Джон Браун
С борьбой американских негров за свои права связано имя Джона Брауна, предки которого приехали в XVII веке в Америку из Англии в поисках свободы совести и демократического строя. Будущий борец за освобождение негров родился в 1800 году в штате Коннектикут – месте суровом, где и люди были под стать природе. Молчаливые и упорные, они трудились, поливая своим потом каждый клочок земли. Когда Джону было четыре года, отец запряг свою единственную лошадь, посадил в фургон жену и детей, погрузил нехитрый свой скарб и двинулся в Огайо, где, по слухам, были хорошие земли. Брауны разбили палатку у поселка Экрон, где земля была жирная, пастбища хорошие, а по долине тянулись огромные фруктовые сады. Здесь жило несколько фермеров-немцев, но в основном население состояло из индейцев. Белые и индейцы между собой почти не общались, но О. Браун вовсе не считал, что только белые должны управлять миром. Наоборот, он полагал, что если человек честный, мужественный и славно работает, то цвет его кожи не должен никого касаться.
Джон Браун. Фото XIX в.
Такие речи отец Джона Брауна вел и дома, часто подкрепляя их конкретными делами. Когда у соседа-индейца заболел ребенок, он дал им молока, а жена его лечила ребенка. Неудивительно, что маленький Джон вскоре свел дружбу с индейскими ребятами. Новые друзья научили его управлять пирогой и ловить рыбу на сырое мясо, ставить силки на птиц и капканы на мелких животных. Он научился на всем скаку накидывать аркан на бегущую лошадь, да и одевался, как индеец, – в мягкие мокасины, штаны из оленьей кожи и козью куртку…

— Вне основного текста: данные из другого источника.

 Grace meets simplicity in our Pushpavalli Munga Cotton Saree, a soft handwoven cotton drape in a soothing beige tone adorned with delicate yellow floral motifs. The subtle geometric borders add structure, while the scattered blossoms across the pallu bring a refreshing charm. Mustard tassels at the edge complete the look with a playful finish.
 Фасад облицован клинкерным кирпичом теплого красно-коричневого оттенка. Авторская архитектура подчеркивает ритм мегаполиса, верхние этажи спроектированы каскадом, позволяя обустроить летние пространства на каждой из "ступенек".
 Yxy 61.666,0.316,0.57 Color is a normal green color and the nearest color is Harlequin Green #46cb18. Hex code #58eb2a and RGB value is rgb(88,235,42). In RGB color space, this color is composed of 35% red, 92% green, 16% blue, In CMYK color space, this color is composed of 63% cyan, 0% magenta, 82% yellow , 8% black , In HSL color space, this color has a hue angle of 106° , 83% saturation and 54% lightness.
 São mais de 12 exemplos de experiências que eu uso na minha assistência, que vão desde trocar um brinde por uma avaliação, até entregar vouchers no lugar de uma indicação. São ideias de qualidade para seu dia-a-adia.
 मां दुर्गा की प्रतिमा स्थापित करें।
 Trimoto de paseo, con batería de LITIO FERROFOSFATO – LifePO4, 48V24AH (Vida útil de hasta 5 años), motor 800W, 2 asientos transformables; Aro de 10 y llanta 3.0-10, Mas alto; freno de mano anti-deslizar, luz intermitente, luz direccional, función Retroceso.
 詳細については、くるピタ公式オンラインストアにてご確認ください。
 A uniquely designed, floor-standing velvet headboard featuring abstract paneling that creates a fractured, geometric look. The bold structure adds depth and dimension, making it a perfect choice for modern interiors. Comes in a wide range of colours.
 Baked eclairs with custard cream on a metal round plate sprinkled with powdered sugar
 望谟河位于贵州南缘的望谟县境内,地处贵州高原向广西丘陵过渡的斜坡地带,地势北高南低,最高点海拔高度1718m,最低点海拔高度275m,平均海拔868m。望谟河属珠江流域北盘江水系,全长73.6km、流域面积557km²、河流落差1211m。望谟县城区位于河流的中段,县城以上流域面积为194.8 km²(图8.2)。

Когда Джон Браун вырос, он обнаружил, что живет в стране, которая объявила свободу основой своего существования, однако держит в рабстве четверть населения. Но что он мог тогда поделать? Юный Джон разводил овец, дубил кожи, продавал шерсть, сохранял веру в Бога… Попав во время войны 1812–1815 годов в один из рабовладельческих штатов, 14-летний Джон Браун оказался очевидцем наказания маленького негра. Мальчик-слуга подавал вино и, нечаянно оступившись, облил одного из гостей. Хозяин схватил плеть с железным наконечником и начал избивать его. Лицо Джона стало белее платка: он вскочил и вырвал плеть из рук мучителя. Тот в ярости двинулся на него, но, встретив его взгляд, – отступил.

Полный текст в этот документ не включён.